To analyze a thing’s coolness is very often to render that thing instantly uncool. Coolness erodes under excessive scrutiny and disappears entirely when the object of cool begins to luxuriate in its own bad-assedness: call it the curse of self-consciousness.
Still, there’s a variety of cool impervious to erosion. To wit:
- “Blue in Green,” on Miles Davis’ 1959 recording, Kind of Blue, particularly John Coltrane’s solo that floats in seemingly out of nowhere.
- The heist scene in Jean-Pierre Melville’s 1970 film, Le Cercle Rouge.
- The live version of “Just Like Tom Thumb’s Blues” on Bob Dylan’s Bootleg Series, Volume 4: Live 1966, captured in Manchester, England in May 1966, the fateful spring Dylan went electric. Dylan has never rocked harder; keyboardist Garth Hudson should be knighted for his performance on this song.
To this list, let us add Santiago Calatrava’s Ysios winery in the Rioja Alavesa, nestled at the base of the Sierra de Cantabria, a stone’s throw from the medieval walled city of Laguardia.

There is no winery in the world more exciting to approach from a distance than Ysios. Despite its bold design, Calatrava’s shimmering wave of metal and wood is perfectly harmonious with its surroundings. Its undulating aluminum roof echoes the craggy limestone massif above it and creates six distinct solid arcs of cedar in the main structure below it, arcs that look an awful lot like a row of giant oak barrels. In the center of the structure, a massive portico of glass and fir extends towards the south like the prow of a ship. The main reception hall lies within this prow, the focal point of a giant ship on a direct course for Laguardia: a consummately modern architect’s love letter to the past.

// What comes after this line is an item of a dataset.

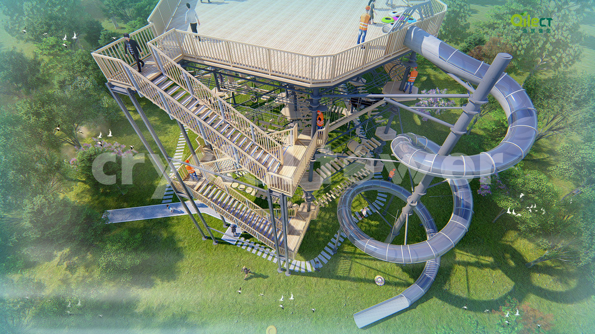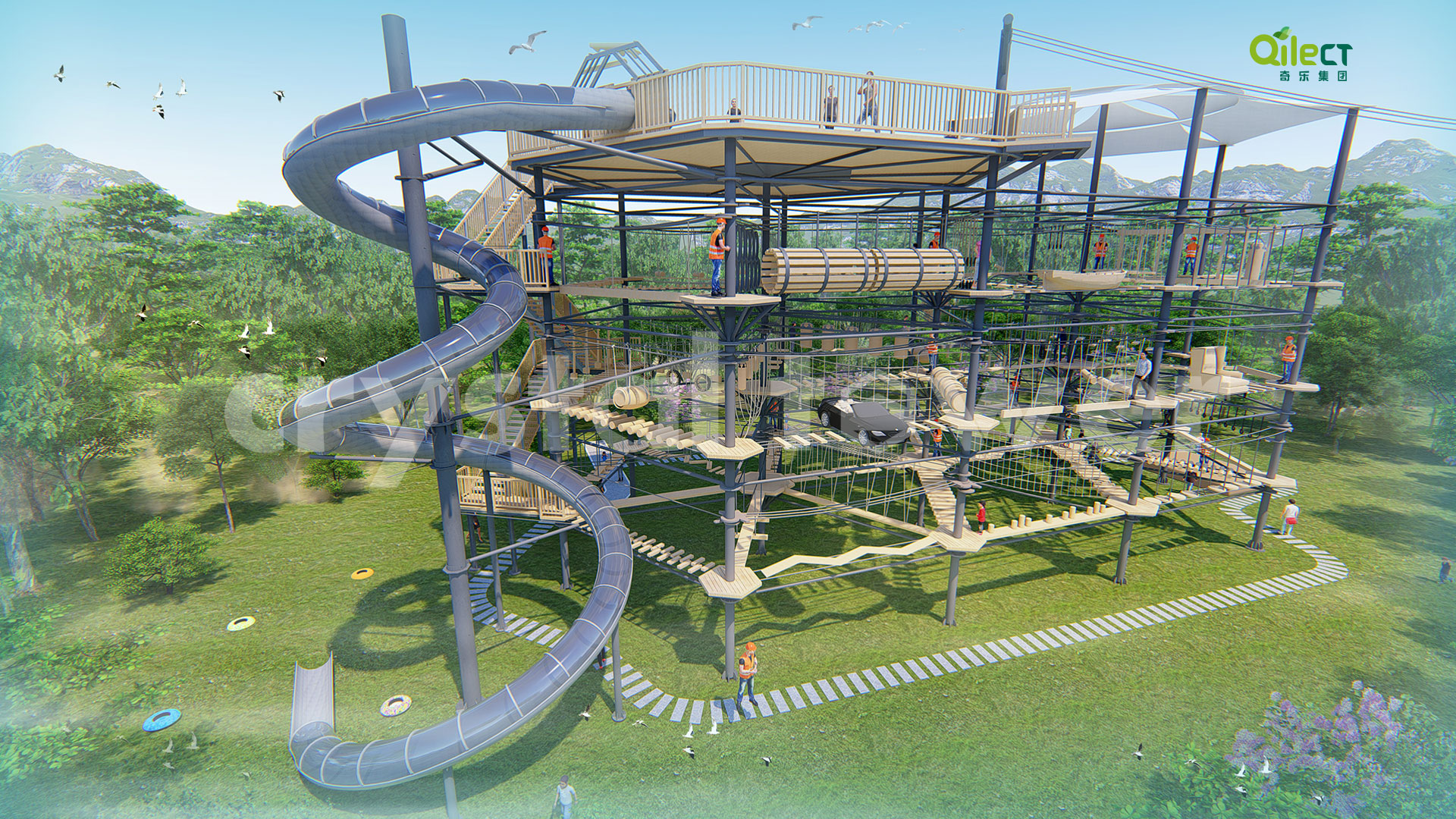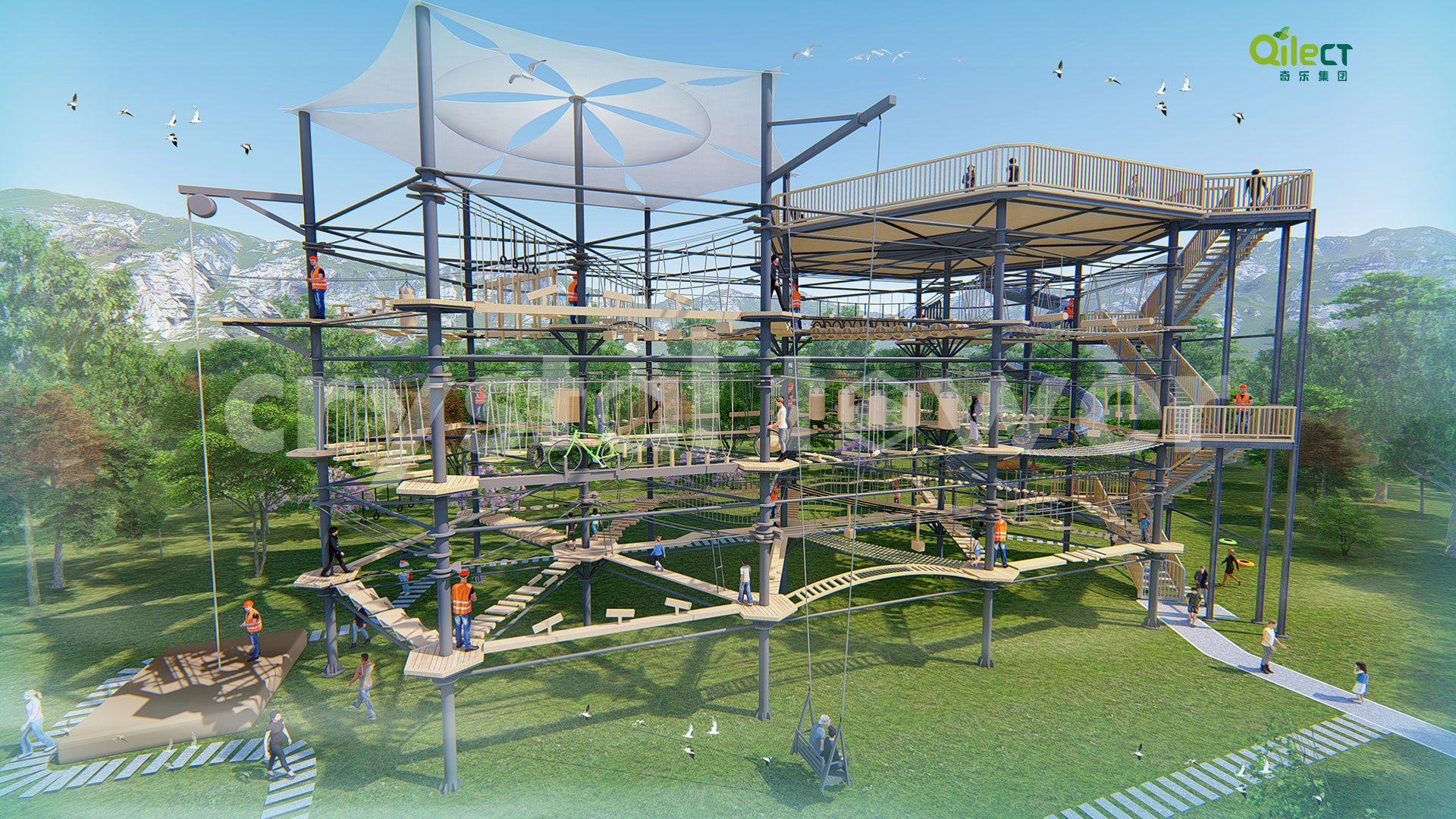 本項(xiàng)目建于戶(hù)外自然景區(qū)(亦可在室內(nèi)搭建),配置上百種運(yùn)動(dòng)健身、探險(xiǎn)互動(dòng)項(xiàng)目,項(xiàng)目游樂(lè)步道設(shè)有不同難度系數(shù)的項(xiàng)目供游客體驗(yàn),是景區(qū)中一個(gè)創(chuàng)新性、地標(biāo)性的立體娛樂(lè)綜合體。該設(shè)備占地面積達(dá)到800㎡,綜合用地面積達(dá)1000㎡,單層高達(dá)4m,內(nèi)部以晶體結(jié)構(gòu)搭建架空層1-4個(gè)步道層級(jí),打造層超過(guò)1m長(zhǎng)的空中游樂(lè)路線。

At Ysios in October, I learned from Javier Elizalde that Calatrava’s curvilinear roof, which rolls across a northwest to southeast axis, is also a tribute to the north wind. A supremely cool gesture that symbolizes coolness of another sort: the crucial role Atlantic winds (which actually comes in from the northwest but is always referred to locally as the “North wind”) play in shutting down Rioja vines at night, effectively preserving acidity in the grapes and ensuring a balanced final product—one of Rioja’s key climactic attributes and part of the reason why Tempranillo from Rioja is very rarely confused with Tempranillo grown anywhere else in the world and why Rioja is such an exemplary food wine.